Today, with Sezzle once again thriving, the company stands as one of the most remarkable startup success stories ever produced by Minnesota’s technology ecosystem – a decade-long journey shaped by pivots, near-collapse moments, international gambles, and an unusually stubborn commitment to building a major fintech company far from Silicon Valley.
A Strategy Well Executed
“Charlie and Paul’s ability to execute was very clear from the first time we met with them in January 2018,” said Rob Weber of Great North Ventures. “What was unclear in our initial meetings was how they were going to be able to compete against larger, more well-funded rivals Affirm, Afterpay, and Klarna. But their ability to adapt their strategy over time has been super impressive to watch.” He noted that it was Sezzle’s proprietary business intelligence system that enabled them to accomplish “far more with far less” than their rivals. “We benefited from that approach with our own startup, NativeX, before we became VCs. So we know what a difference it can make.”

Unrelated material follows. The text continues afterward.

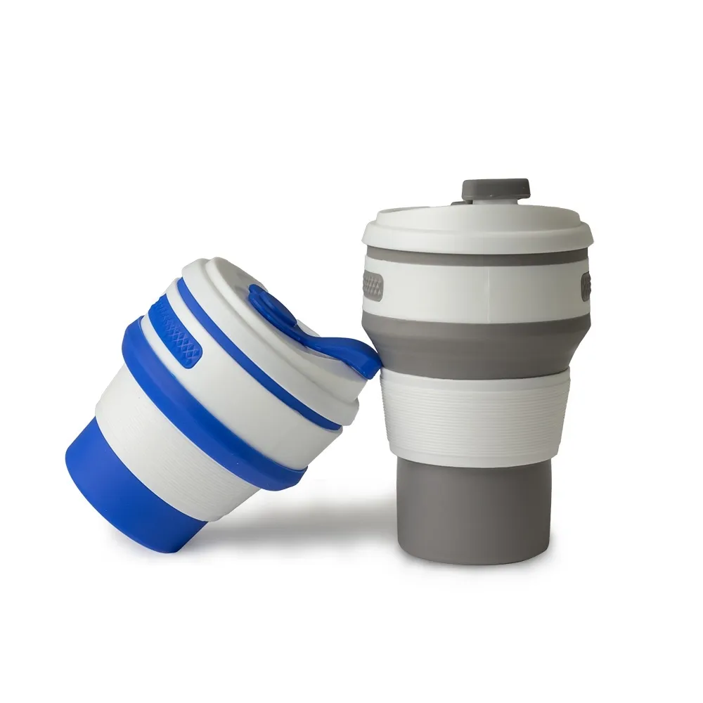 Copo de silicone retrátil com capacidade de 350ml, livre de BPA. Contém aderência ao segurar na parte superior do copo, tampa de encaixe com bocal e protetor. Acompanha manga protetora antiderrapante.

Buy now, pay later (BNPL) in its earliest forms took roots through embedded partnerships across a wide range of merchant checkout processes. “It started off as a niche play, but is now emerging as core financial infrastructure,” said Weber, which he wrote about recently.
Recent Stellar Results
Sezzle reported a very strong Q1 2026 with 29.2% revenue growth, gross margins of 74%, net income of $51.3M, and adjusted EBITDA of $71.1M. Management raised full-year guidance, with revenue growth now expected to be 30%–35%, adjusted net income to $180M, and adjusted EPS to $5.10. Key drivers included improving credit performance, higher consumer engagement, and subscriber growth up 44k to 714k.
The company said product expansion is underway, including Pay-in-5, a virtual card in Canada, enhanced long-term lending, Sezzle Mobile on AT&T, and roadmap items such as deposit accounts and checking, positioning Sezzle to become an all-in-one services platform for value-focused consumers.
The company is embedding AI across support, product, and operations to increase efficiency and scale. And it is pursuing a bank charter, with an application targeted for this year, to improve regulatory defensibility and long-term economics.
“It’s going to be an exciting year for Sezzle,” said CEO Charlie Youakim on the earnings call. “2025 was about enhancing our current consumer ecosystem. We improved the app experience, expanded engagement features, leaned back into higher-value consumers, and continue to give our users more reasons to come back to Sezzle. But in 2026, we’re pushing that strategy further. We’re moving beyond being a product consumers think about only at checkout.”
He sums it up this way: “We’re building an all-in-one services platform for the value-focused consumer. The strategic goal is to make Sezzle more useful in more moments. The more value we provide, the more reasons consumers have to come back… We should see consumers using Sezzle more often across more merchants and across more use cases. That’s exactly what we saw in the first quarter.”
As the month of May 2026 came to an end, investment site Seeking Alpha named Sezzle the best performing financial stock of the month based on one month price performance percentage. In addition, that same week, another site published this article: Sezzle Tops the List of Best All-in-One Fintech Apps of 2026.